When renal failure was produced in streptozotocin-induced diabetic rats by surgical reduction of renal mass and aminoguanidine was administered, the treated rats had significantly superior survival than that of untreated uremic diabetic animals. Other researchers investigated the effect of aminoguanidine on slowing of motor nerve conduction velocity of the sciatic nerve in streptozocin-induced diabetic rats. Motor nerve conduction velocity was inversely correlated with AGE levels, and aminoguanidine improved nerve conduction probably through decreasing the AGE level in the peripheral tissues. Will AGE inhibitors also prevent diabetic complications in humans? At what point in the natural history of the disease would treatment be most effective? As the intimate sequence of the steps that lead to vascular diseases associated with diabetes per se are yet not fully understood, we have no precise answer to these questions. In addition, clinical trials of inhibitors of this cross-linking have been inconclusive to date. The same caveats regarding interpretation of the results of trials of aldose reductase inhibitors thus apply to trials of inhibitors of AGE-cross-linking. That is, longer trials in better-defined populations are needed before the effectiveness of these inhibitors can be proven.

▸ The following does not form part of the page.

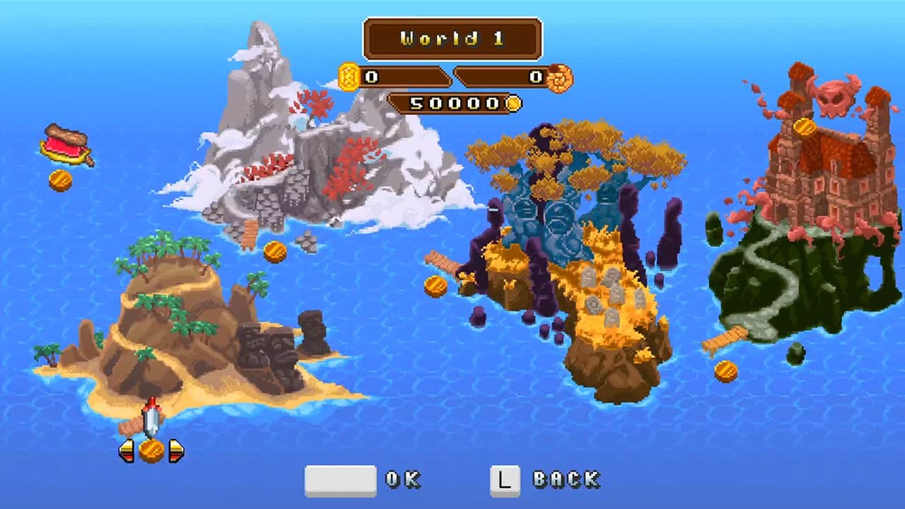 Dès les première minutes de jeu, les références et inspirations de chez Sega et Nintendo sautent aux yeux. Crossover entre Wonderboy et Super Mario Bros, l’histoire de ces pirates s’annonce haute en couleurs. Après avoir choisi un des quatre personnages disponibles, une première phase de jeu propose un initiation sur le pont d’un navire afin de maitriser les coups les plus basiques (saut, glissade, frappe, coup spécial…). Ensuite, place aux combats. À vous d’incarner un des avatars disponibles : Gutz, Spina, Drago ou Elder, et de vous lancer dans l’aventure, seul ou en binôme en mode coopératif. Le succès de cette entreprise passera par la maitrise de 4 mondes, chacun composé de 4 stages (+1 bonus). Le quatrième stage de chaque monde se terminera par l’affrontement contre un boss de fin de niveau.

As stated before, problems of toxicity have been encountered in a phase III clinical trial with aminoguanidine, so this drug should be considered a prototype. Various classes of drugs are able to interfere with the formation of AGEs or the cross-linking of proteins by AGEs. Other strategies (see details elsewhere on this IMARS website) include the use of:

· Pyridoxamine

· Benfothiamine

· Cross link breakers

Aminoguanidine, pyridoxamine, 2,3-diamino-phenazine, OPB-9195, and tenilsetam inhibit AGE formation by scavenging reactive carbonyl intermediates, N-phenacetylthiazolium bromide (PTB) and ALT-711 are AGE-cross-link breakers. Furthermore, signal transduction through RAGE can be inhibited by antisense oligodeoxynucleotides (AS-ODNs), RAGE antibodies, or soluble RAGE. Drugs targeting other systems have also shown some effects on AGE-related pathways.


Figure 10. Advanced glycation can be inhibited by aminoguanidine. This diagram illustrates the action of aminoguanidine as an effective agent preventing cross-linking of proteins by AGE. See text for further details.